Further, dozens of lawsuits have been filed against vaccine mandates from private employers, although private employers are winning those cases under their management rights to set forth their own safety standards.  One area of vulnerability, however, might be lawsuits accusing employers of unlawfully failing to accommodate workers whose religious beliefs or disabilities prevent them from becoming vaccinated.  Boeing reported receiving thousands of religious exemption requests.  Some commentators have suggested that regular COVID-19 testing could potentially be an accommodation option for such persons.  In any event, most employers appear to be liberally granting such exemptions. 

It should also be noted that the Supreme Court rulings do not discontinue OSHA's other COVID-19 initiatives, including the issuance of workplace hazard citations under the general duty clause.  Further, some employers have been the subject of negligence suits alleging wrongful death or other liabilities to employers for not providing broad and strong protection to employees.  Most legal experts believe that while such litigation can be expensive, it is unlikely to succeed on the merits.  Workers' compensation pre-emption may preclude most of the claims, although plaintiffs are arguing exceptions to such pre-emption such as deaths or illnesses because a worker allegedly brought COVID-19 home.  Plaintiffs would also presumably have to prove that negligence caused the employee's illness and that the virus was not contracted from another source.

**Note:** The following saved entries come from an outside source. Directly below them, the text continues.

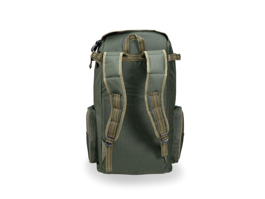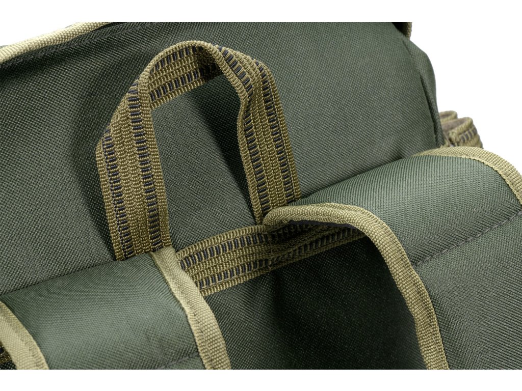 Populární řada rybářských batohů s unikátní konstrukcí, vyvinutou v ČR. Umožňující pře-pravu složených teleskopických prutů s navijáky. Batohy jsou vyrobeny z extrémně odolného a 100% nepromokavého materiálu B POL635D. Nabízejí pět vnějších kapes a praktické boční pásky pro upevnění rybářských doplňků. Jsou vybaveny speciálními anatomicky tvarovanými popruhy s komfortním polstrováním a kvalitními zipy bránícími protékání vody, osazenými luxusními táhly MIVARDI.Vnitřní rozměr: 58 x 31 x 21 cm
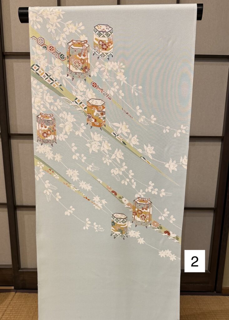 2)着物/付け下げ/水色/貝合わせ柄3)帯/夏帯/絽/丸抜き花柄
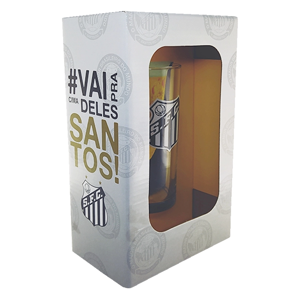 Coleção inspirada nos torcedores do Alvinegro Praiano. Produzido em vidro incolor e acabamento estampado com escudo do time. Possui 300ml, ideal para servir Sucos e bebidas em geral. Contém embalagem personalizada, sendo uma excelente opção para presentes.
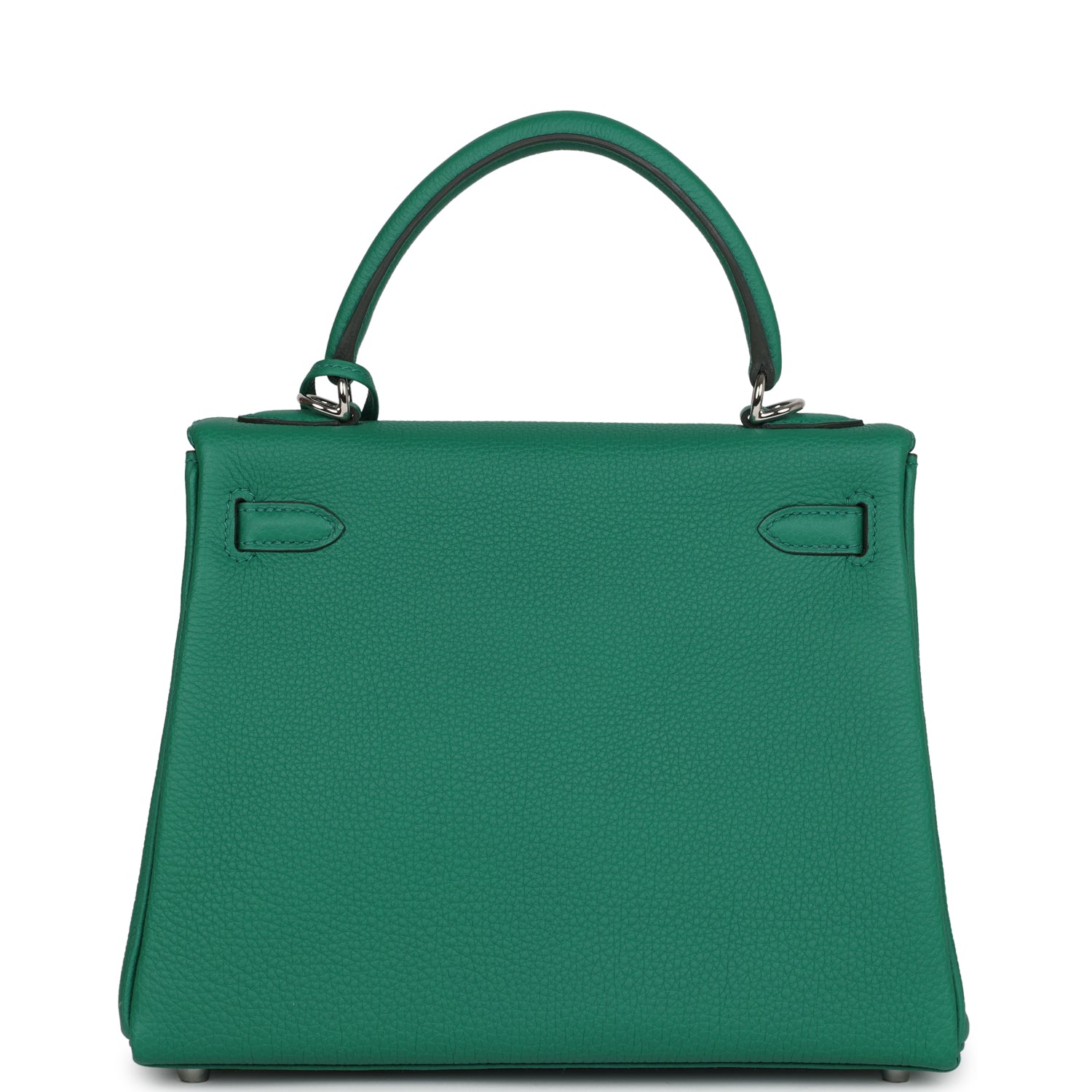 This Kelly, in the Retourne style, is in Vert Vertigo togo leather with palladium hardware and has tonal stitching, front flap, two straps with center toggle closure, clochette with lock and two keys, single rolled handle and an optional shoulder strap.
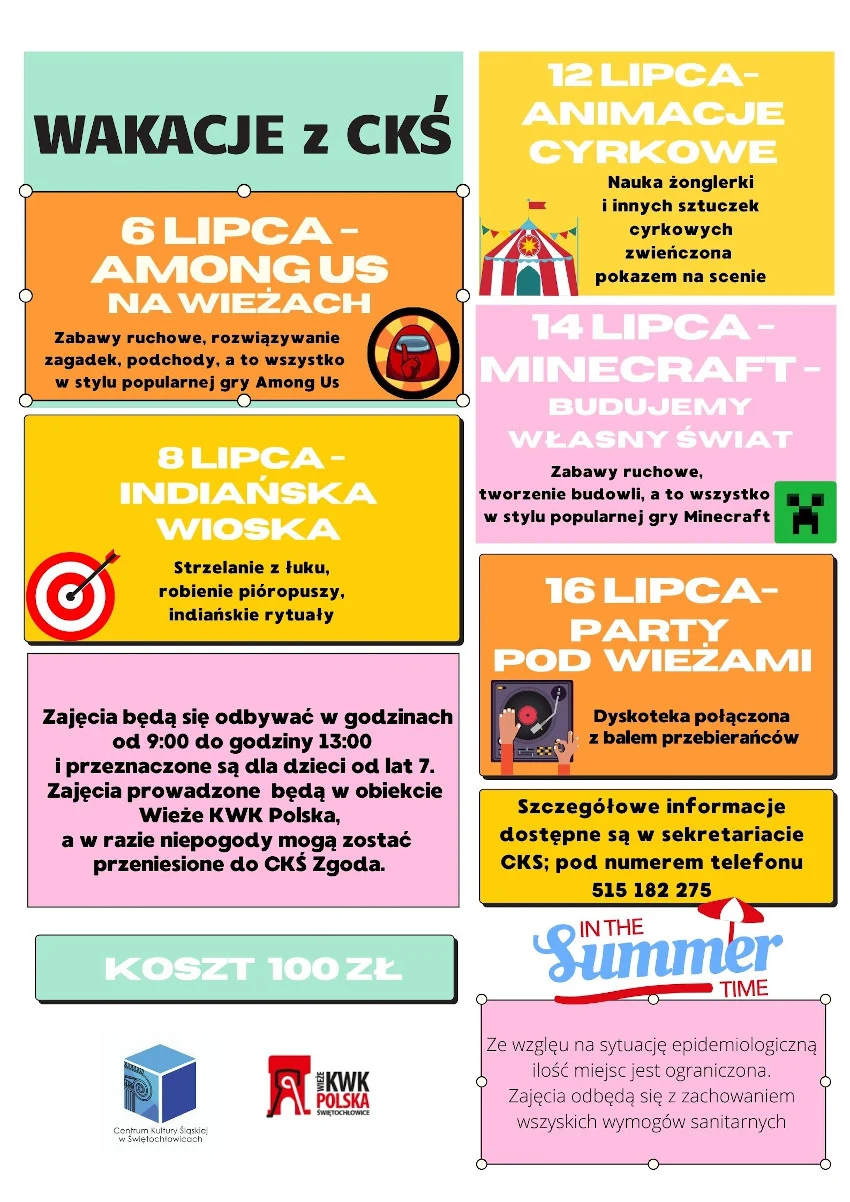 Centrum Kultury Śląskiej zaprasza wszystkie dzieci i młodzież do udziału w wakacyjnych zajęciach, które będą odbędą się w obiekcie Wieże KWK Polska, a w razie niesprzyjających warunków atmosferycznych będą przeniesione do CKŚ Zgoda.
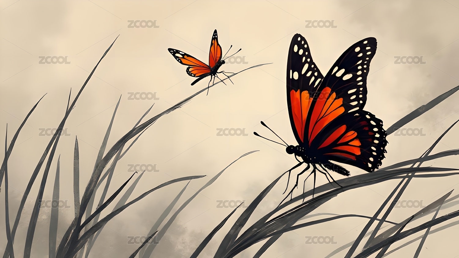 白色的蝴蝶停在芦苇草尖上节气高清插图
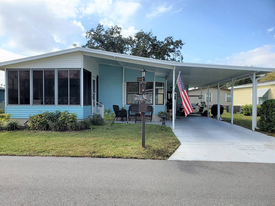 This 1989 MERI is extremely Neat, Clean, and updated with nice driveway and is situated ln the popular and much sought-after community of Swiss Golf and Tennis. This is a 55+, gated clean, which is extremely active, fun, and located in Winter Haven, Fl. The 2-bedroom, 2 bath home has a lot to offer including updated flooring, freshly painted, updated kitchen with quartz counter tops along with new cupboards with pullouts. This home has been extremely well taken care of and well done. The central air/heat was newly installed in 2020, the carport replaced in 2017. The home was freshly painted outside in 2021. As you walk through this home you will be impressed with how well this home has been taken care of. It looks as if they just painted yesterday, and everything is extremely neat, clean, and updated. The home is partially furnished with both bedrooms sets remaining (minus box springs and mattress). The bistro table and chairs also remain. You will find laminate flooring throughout the home with vinyl plank in both bathrooms and front Florida room. The kitchen appliances remain in the home along with a brand-new microwave. The home is not too big and not too small. You must see this home to appreciate how well kept this place is. This home has been shown several times before I even got the sign up. Places are selling very quickly in here and a place this well taken care of leaves you really nothing that must be done so it will get sold very quickly. Don't hesitate to long on this home. Take a close look at the video walk through and be sure to call for an appointment and get all your questions answered about this wonderful, active and fun community. 2022 Lot lease is $529.74 includes all the amenities of Swiss Golf and Tennis and Hidden Golf Club. Swiss Golf & Tennis Club is located on beautiful Lake Henry with opportunities to fish, go boating & enjoy the gorgeous sunsets. It is a highly active 55+ land-lease Golf community. There are 2 clubhouses, one that has just completed a million-dollar renovation, 2 pools, Hot tubs, an onsite Restaurant and Pub, Gym, card room, billiards room, library, pro shop for the 18-hole executive Golf course, tennis, shuffleboard, pickle ball, bocce ball and the list goes on. There is a strong entertainment committee which provides monthly shows, dances, dinners, tournaments, and bingo. Winter Haven, FL, is centrally located between both the Gulf and the East Coast beaches (1 to 1 1/2 hours away). The Orlando Airport is only 45 minutes away and so are many sports events, such as the Lakeland training camp. Disney World, Universal Studios and Legoland are all within 40-minute drive. There is a never-ending array of outlet malls for shopping and dining to suit any taste/budget. So, whatever you like to do for entertainment, Central Florida and Swiss Golf and Tennis is the place to live. Property address is 653 Century Lane, Winter Haven, Fl. 33881. Lot rent for 2022 is $529.74
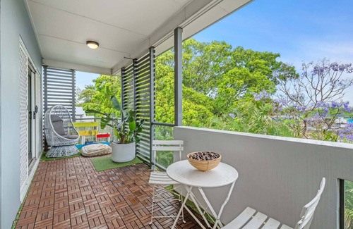 Property description This spacious 2-bedroom apartment offers a beach-house vibe in the heart of Hamilton. With access to a private rooftop, communal BBQ area, private parking, and a cosy living area, it’s the perfect place to relax after a day exploring Brisbane. The apartment comes with essential amenities, including air conditioning, a well-equipped kitchen, and a dining area. Self-check-in, with easy access to everything you need for a comfortable stay. The space Step into this spacious 2-bedroom apartment, offering a relaxed beach-house vibe perfect for unwinding. The living area features comfortable seating, a Smart TV, and a dining space for four. Enjoy a fully-equipped kitchen with a gas stove, electric oven, microwave, and dishwasher. The two bedrooms feature cozy beds, ample storage, and an en-suite attached to the master. Enjoy time outdoors with two balconies and a private rooftop—ideal for enjoying Queensland's sunny weather. The apartment is fully air-conditioned, with additional ceiling fans for comfort. Situated in a tranquil neighborhood, you will find free street parking as well as an allocated secured parking space for two cars (tandem). The building is accessible by stairs (4 flights). The property is close to local amenities, restaurants, and cafes.
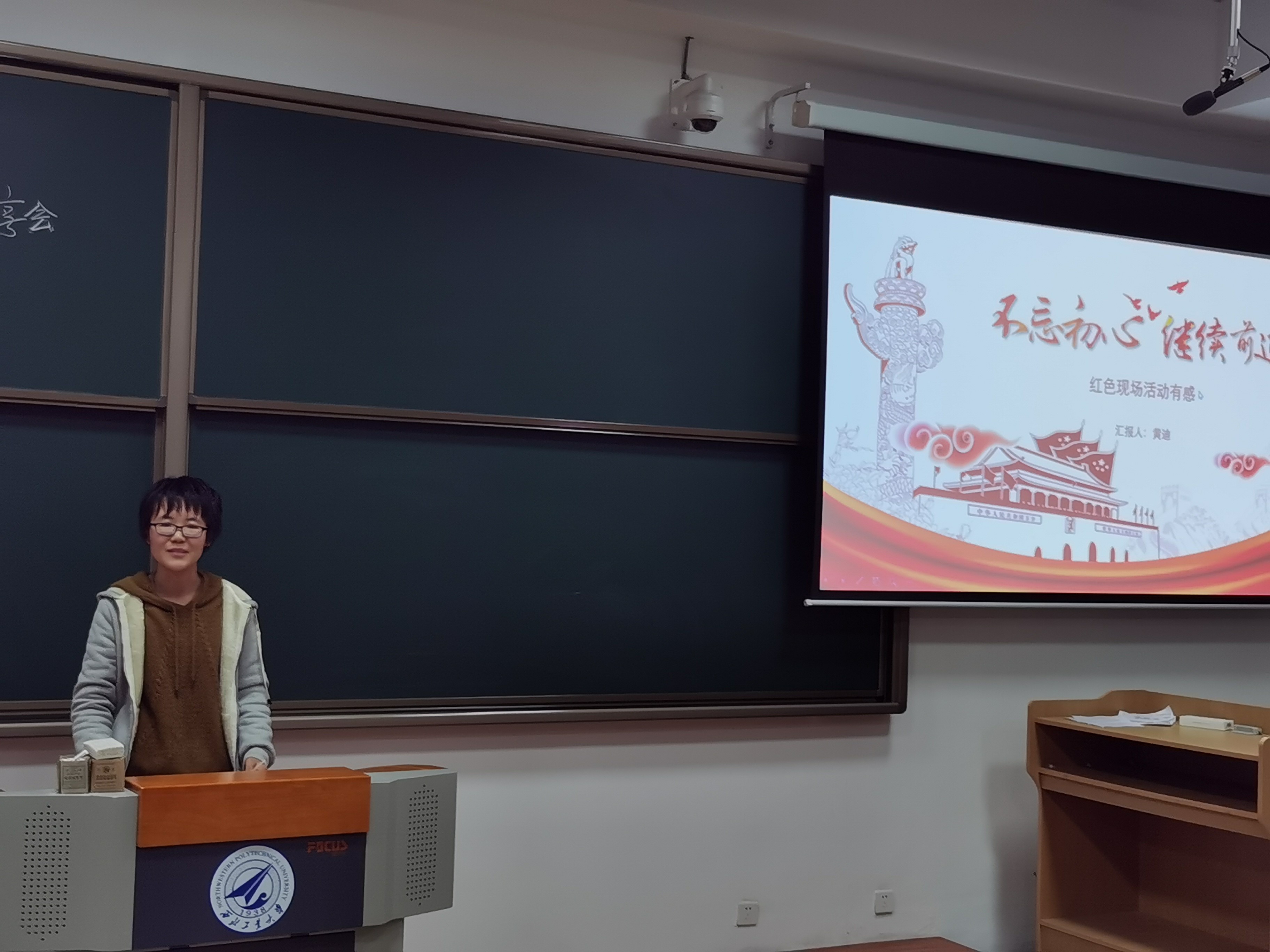 石欣悦同学以“初心使命”为主题与同学们展开分享。胡译文同学另辟蹊径地发表了关于幸福的感悟,他提醒大家今日之日从何而来,明日之日该当何去。他指出青年人应当心中有信仰,脚下有方向,在最好的时代建功立业,书写华章,才能不负青春,无悔韶华。杨晗钰同学通过追溯无产阶级革命家习仲勋的光荣事迹,表达自己对于中国共产党人的理解:给予人民最无微不至的关怀,全心全意为群众着想,以民为本,在有限的生命中发挥无限的价值。
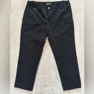 Chic Ralph Lauren petite cropped trousers in a timeless black and white polka dot print. Tailored and polished with a classic silhouette—perfect for work, casual chic, or everyday wear.
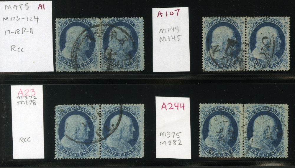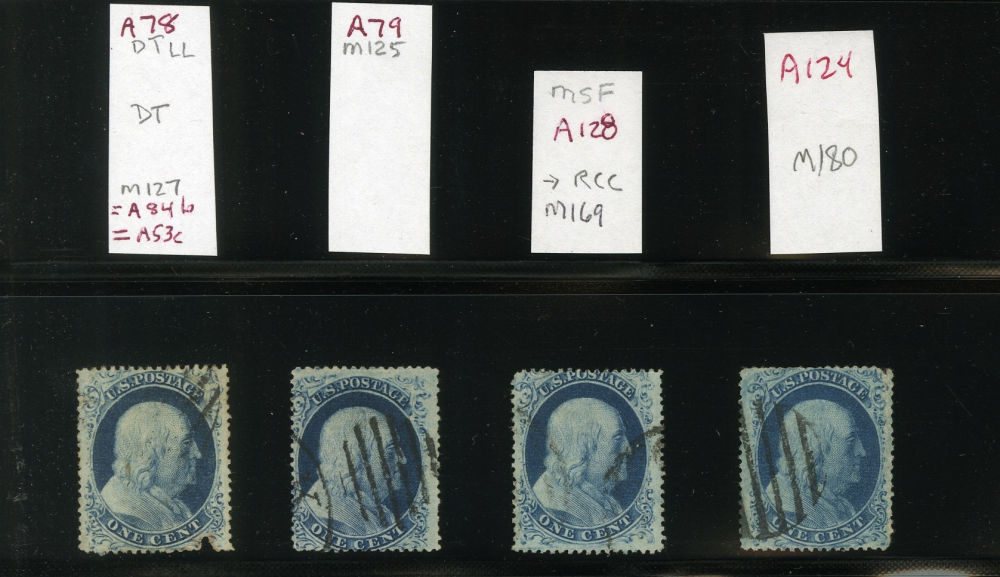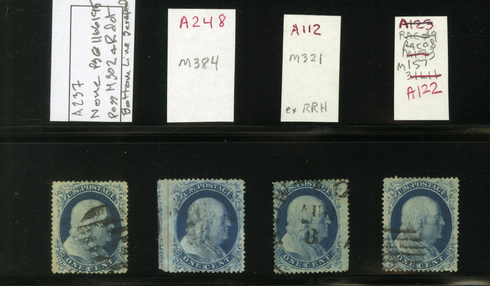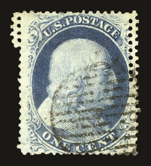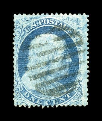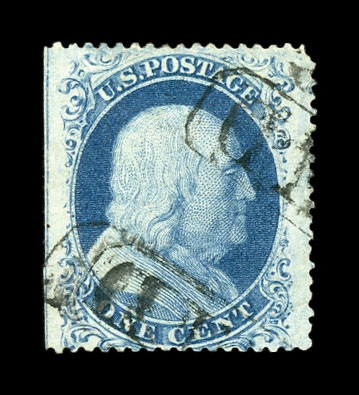 (22) Group of eight 1857-61 1¢ blue Franklin Type IIIa, used A Relief singles from Plate 11, including A Relief with double transfer used by black grid cancel (census A78), A Relief with double transfer used with black grid cancel (census A79), A Relief used by partial black cds cancels (census A128), A Relief used with black grid cancel (census A124), A Relief used with black grid cancel (census A237), A Relief with straddle margin and guideline at left including part of stamp at left used by black cancel (census A248), A Relief used by black cds cancel (census A112), and A Relief used by black grid cancel (census A122) A few faults noted but overall a fine-v.f. and useful group of Plate 11 A Relief singles. All ex. Celler except for census A237, cat. value $4,250.
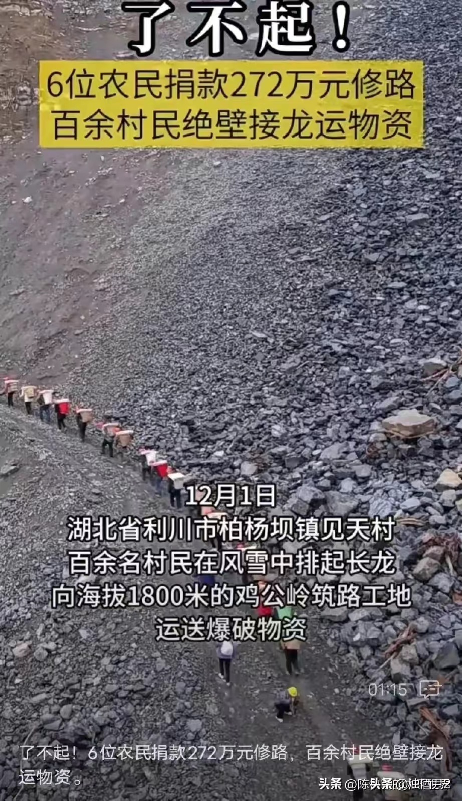 在这种情况下,有6名村民站了出来,自发捐款272万元,要修通这条路。其他的村民没有这么多钱,他们决定出人力一起来修路。就看到了这样的壮观情景,100多村民冒着风雪在海拔1800米的鸡公岭筑路工地,排起长龙运送爆破物资。
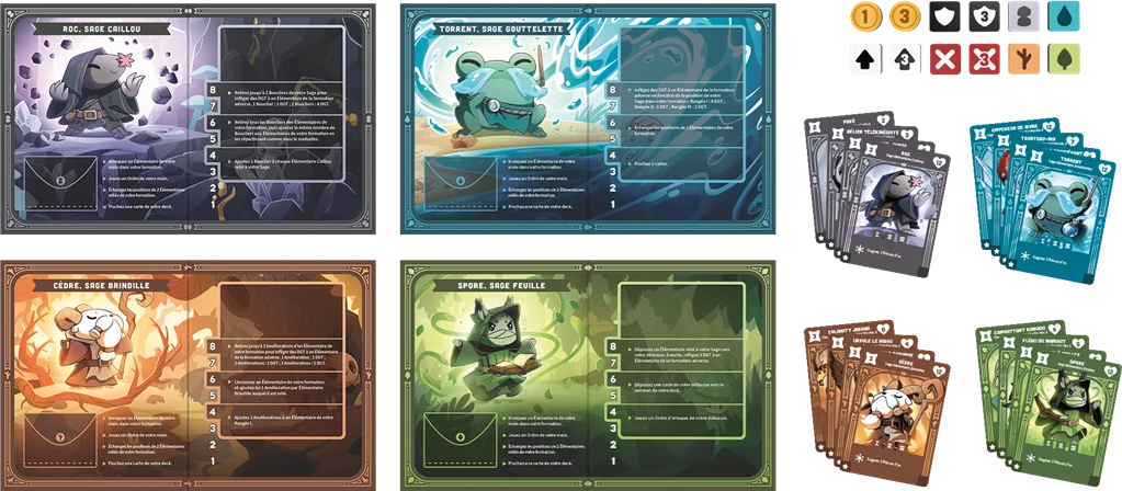 Exploitez la magie de la forêt et affrontez d’autres Sages dans ce jeu stratégique de deck-building conçu par les créateurs de Here to Slay et Casting Shadows. Invoquez les Guerriers élémentaires des factions Caillou, Gouttelette, Brindille et Feuille pour démontrer que vos talents sont supérieurs à ceux de vos adversaires. Au cours des batailles, vous gagnerez en niveau, ce qui vous permettra d’accéder à de nouvelles capacités extraordinaires et à de redoutables Champions. Utilisez les pouvoirs de vos élémentaires, attaquez ceux de l’adversaire, et défendez-vous au mieux. Parviendrez-vous à sortir victorieux de ces combats acharnés et à vaincre le sage de votre adversaire ?

In any event, employers have every incentive to comply with health and safety protocols.  Employers should consider the implementation of portions of the standard that are practical, although particular state and local laws may limit their efforts.  While the federal standard was in effect, it took precedence over state and local restrictions, but without that standard, state and local limits on masks and vaccination mandates could have impact.  Many employers will undoubtedly proceed to adopt a written Coronavirus policy, using masking and social distancing as practical.  

The Supreme Court ruling is significant in another respect, in that it suggests limits on what has been called the "administrative state."  The Court's ruling suggests that courts will be less likely in the future to defer to an agency's interpretation of ambiguous law in regulating a very important issue, or even go further in applying the non-delegation doctrine which forbids Congress from giving agencies the authority to write legislation, a task reserved to Congress.